*EXERCISE PROMPT*: Across the whole listing, return each line exactly, with no images included.

*MATERIAL TO PROCESS*:
· · · ·
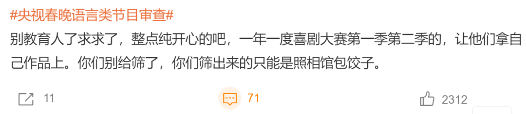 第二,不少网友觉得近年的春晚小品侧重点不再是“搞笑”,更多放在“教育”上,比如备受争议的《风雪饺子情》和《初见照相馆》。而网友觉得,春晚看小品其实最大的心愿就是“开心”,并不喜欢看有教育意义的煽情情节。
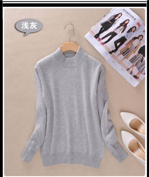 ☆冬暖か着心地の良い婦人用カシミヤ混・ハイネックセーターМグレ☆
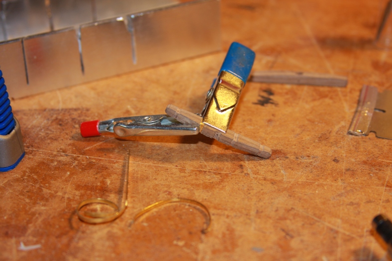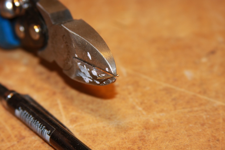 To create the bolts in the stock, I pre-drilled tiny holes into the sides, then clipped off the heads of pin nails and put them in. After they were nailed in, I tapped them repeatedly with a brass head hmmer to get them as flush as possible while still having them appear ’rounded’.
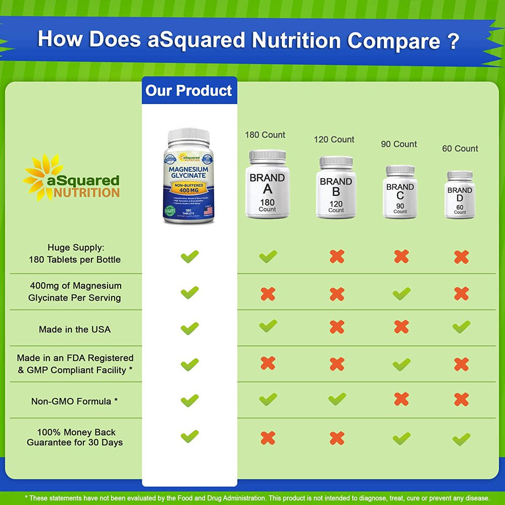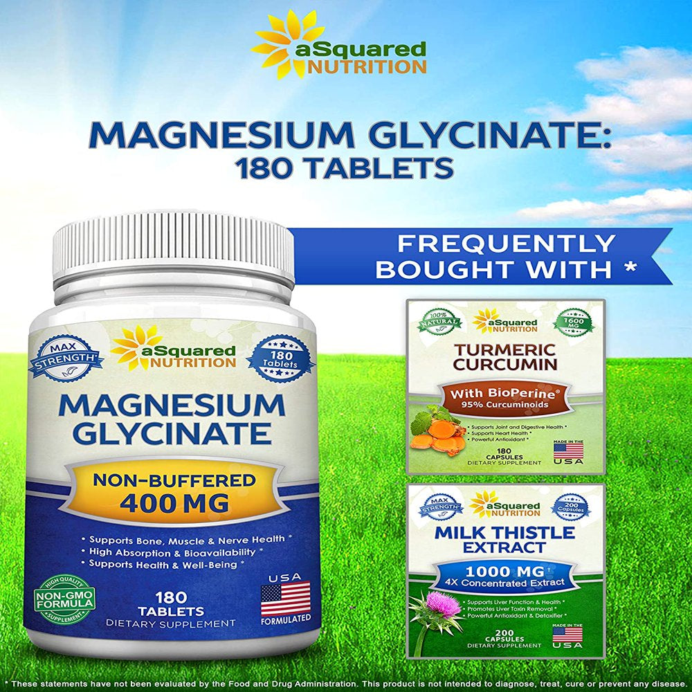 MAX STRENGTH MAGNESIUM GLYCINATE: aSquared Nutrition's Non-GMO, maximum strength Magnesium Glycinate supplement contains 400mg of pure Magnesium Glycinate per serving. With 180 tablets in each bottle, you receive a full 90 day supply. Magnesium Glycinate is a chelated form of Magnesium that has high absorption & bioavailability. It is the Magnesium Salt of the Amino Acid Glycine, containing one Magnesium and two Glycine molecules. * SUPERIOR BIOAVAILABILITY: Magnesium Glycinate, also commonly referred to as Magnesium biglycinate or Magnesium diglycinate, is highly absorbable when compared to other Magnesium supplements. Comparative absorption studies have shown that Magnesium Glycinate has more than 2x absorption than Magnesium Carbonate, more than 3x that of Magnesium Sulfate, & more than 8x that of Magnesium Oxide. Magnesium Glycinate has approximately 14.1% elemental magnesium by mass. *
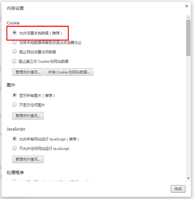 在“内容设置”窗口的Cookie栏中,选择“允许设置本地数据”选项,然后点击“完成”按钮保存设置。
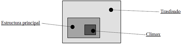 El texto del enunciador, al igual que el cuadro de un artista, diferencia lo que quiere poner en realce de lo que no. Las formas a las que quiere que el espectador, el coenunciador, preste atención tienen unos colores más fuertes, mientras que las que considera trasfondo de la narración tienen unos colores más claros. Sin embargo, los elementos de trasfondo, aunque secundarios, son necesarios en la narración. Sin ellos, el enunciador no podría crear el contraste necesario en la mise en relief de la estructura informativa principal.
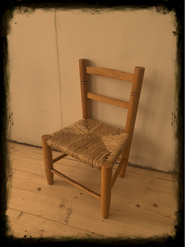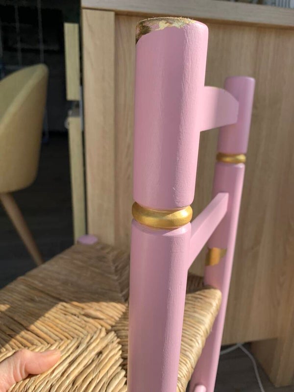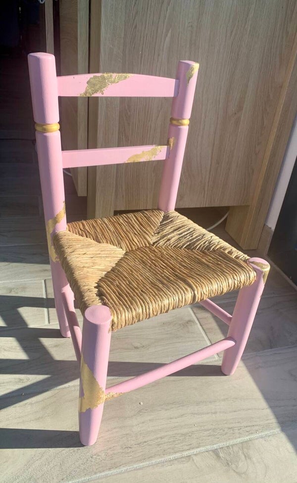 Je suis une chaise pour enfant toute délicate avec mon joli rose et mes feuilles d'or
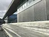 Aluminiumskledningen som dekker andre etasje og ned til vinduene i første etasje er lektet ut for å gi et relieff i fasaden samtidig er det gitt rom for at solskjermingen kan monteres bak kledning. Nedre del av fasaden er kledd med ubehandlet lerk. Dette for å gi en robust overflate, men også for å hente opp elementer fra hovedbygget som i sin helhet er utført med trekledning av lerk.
· · · ·
*RESPONSE TO THIS EXERCISE*:
 第二,不少网友觉得近年的春晚小品侧重点不再是“搞笑”,更多放在“教育”上,比如备受争议的《风雪饺子情》和《初见照相馆》。而网友觉得,春晚看小品其实最大的心愿就是“开心”,并不喜欢看有教育意义的煽情情节。
 ☆冬暖か着心地の良い婦人用カシミヤ混・ハイネックセーターМグレ☆
 To create the bolts in the stock, I pre-drilled tiny holes into the sides, then clipped off the heads of pin nails and put them in. After they were nailed in, I tapped them repeatedly with a brass head hmmer to get them as flush as possible while still having them appear ’rounded’.
 MAX STRENGTH MAGNESIUM GLYCINATE: aSquared Nutrition's Non-GMO, maximum strength Magnesium Glycinate supplement contains 400mg of pure Magnesium Glycinate per serving. With 180 tablets in each bottle, you receive a full 90 day supply. Magnesium Glycinate is a chelated form of Magnesium that has high absorption & bioavailability. It is the Magnesium Salt of the Amino Acid Glycine, containing one Magnesium and two Glycine molecules. * SUPERIOR BIOAVAILABILITY: Magnesium Glycinate, also commonly referred to as Magnesium biglycinate or Magnesium diglycinate, is highly absorbable when compared to other Magnesium supplements. Comparative absorption studies have shown that Magnesium Glycinate has more than 2x absorption than Magnesium Carbonate, more than 3x that of Magnesium Sulfate, & more than 8x that of Magnesium Oxide. Magnesium Glycinate has approximately 14.1% elemental magnesium by mass. *
 在“内容设置”窗口的Cookie栏中,选择“允许设置本地数据”选项,然后点击“完成”按钮保存设置。
 El texto del enunciador, al igual que el cuadro de un artista, diferencia lo que quiere poner en realce de lo que no. Las formas a las que quiere que el espectador, el coenunciador, preste atención tienen unos colores más fuertes, mientras que las que considera trasfondo de la narración tienen unos colores más claros. Sin embargo, los elementos de trasfondo, aunque secundarios, son necesarios en la narración. Sin ellos, el enunciador no podría crear el contraste necesario en la mise en relief de la estructura informativa principal.
 Je suis une chaise pour enfant toute délicate avec mon joli rose et mes feuilles d'or
 Aluminiumskledningen som dekker andre etasje og ned til vinduene i første etasje er lektet ut for å gi et relieff i fasaden samtidig er det gitt rom for at solskjermingen kan monteres bak kledning. Nedre del av fasaden er kledd med ubehandlet lerk. Dette for å gi en robust overflate, men også for å hente opp elementer fra hovedbygget som i sin helhet er utført med trekledning av lerk.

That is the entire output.